À ce débat sur l'équité régionale se mêle un débat d'opportunité.
L'argent public ne devrait-il pas servir aux hôpitaux, aux écoles ou aux routes? À la limite à des festivals, des salles de concert ou de théâtre qui ne pourraient exister autrement.
Ou alors, à des arénas de village, comme vient de le suggérer l'ex-entraîneur du Canadien Alain Vigneault, depuis Vancouver. Une ville qui sait très bien de quoi elle parle quand il est question d'argent public et d'infrastructures de sport.
Ceux qui s'opposent au projet ou y sont réticents évoquent la nécessité d'une participation du privé.
Combien?
Je ne pense pas avoir vu de chiffres. J'imagine que ce doit être «le plus possible».
De retour de voyage, le maire Labeaume a été catégorique : «Oubliez le privé. A-t-on le droit de faire un cadeau aux citoyens, de leur donner ce qu'ils veulent? Ce sont eux qui payent les taxes.»
À moins d'avoir plusieurs gros locataires, un amphithéâtre ne sera jamais assez rentable pour intéresser un investisseur privé, évalue le maire.
«Ça donne bonne bouche de parler du privé, c'est à la mode, mais qui va mettre de l'argent? Le privé n'investit pas s'il n'y a pas de rendement.»
Encore moins s'il n'y a pas d'équipe de la LNH, peut-on penser.
À moins de parler de sommes symboliques ou de trouver un prodigieux mécène, on voit mal d'où pourrait venir l'argent privé.
Reste l'argent de J'ai ma place. Les 11,5 millions $ recueillis auprès de citoyens et d'entreprises sont significatifs.
Mais j'ai le mauvais pressentiment que plusieurs voudront reprendre leurs billes s'ils découvrent n'y a pas de hockey professionnel.
Sera-t-il plus facile de trouver de l'argent privé advenant le «retour» des Nordiques?
Dans son analyse économique du projet, la firme Ernst & Young suggère qu'il sera légitime d'exiger du propriétaire de l'équipe une «contribution financière importante».
C'est beau sur papier. Encore faudra-t-il que ce propriétaire y trouve son intérêt.
C'est ici que s'ouvrira le jeu des négociations entre l'équipe de hockey et le gestionnaire de l'amphithéâtre.

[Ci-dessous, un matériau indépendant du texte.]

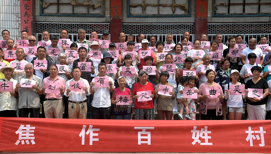 百間房村每個(gè)姓氏的代表在拍攝“全家?!保?月26日攝)。? 新華社記者李安攝

En théorie, on peut imaginer plusieurs scénarios de participation privée dans l'amphithéâtre :
1. contribution directe du propriétaire de l'équipe;
2. prix de loyer assez élevé pour rembourser une partie de l'investissement;
3. partage des revenus de concession, de stationnement et de publicité à l'avantage des pouvoirs publics;
4. vente du nom de l'amphithéâtre (le chef de l'ADQ, Gérard Deltell, en a fait la suggestion cette semaine);
5. taxes sur les billets. Ernst & Young parle de 8 % à 10 %, ce qui pourrait rapporter entre 4 millions $ et 4,5 millions $ par an.
En pratique, trouver de l'argent privé risque de ne pas être si facile.
Le propriétaire de l'équipe ne fera pas de cadeau à la ville. Québec s'est tellement peinturée dans le coin avec le retour des Nordiques que c'est l'équipe qui aura le gros bout du bâton dans le rapport de force.
Il faut aussi comprendre que les revenus qu'on voudrait utiliser pour rembourser l'amphithéâtre (vente du nom, concessions, publicité, etc.) ne seront plus disponibles pour boucler les opérations courantes.
On ne sera pas plus avancé si l'injection d'argent privé dans l'amphithéâtre provoque des déficits d'exploitation qu'il faudra payer avec de l'argent public.
La dernière question est délicate, mais doit aussi être posée.
Se pourrait-il que des opposants au projet s'inquiètent surtout que l'amphithéâtre puisse servir les intérêts de Quebecor? Un réflexe de PKP bashing. Je n'ai pas la réponse.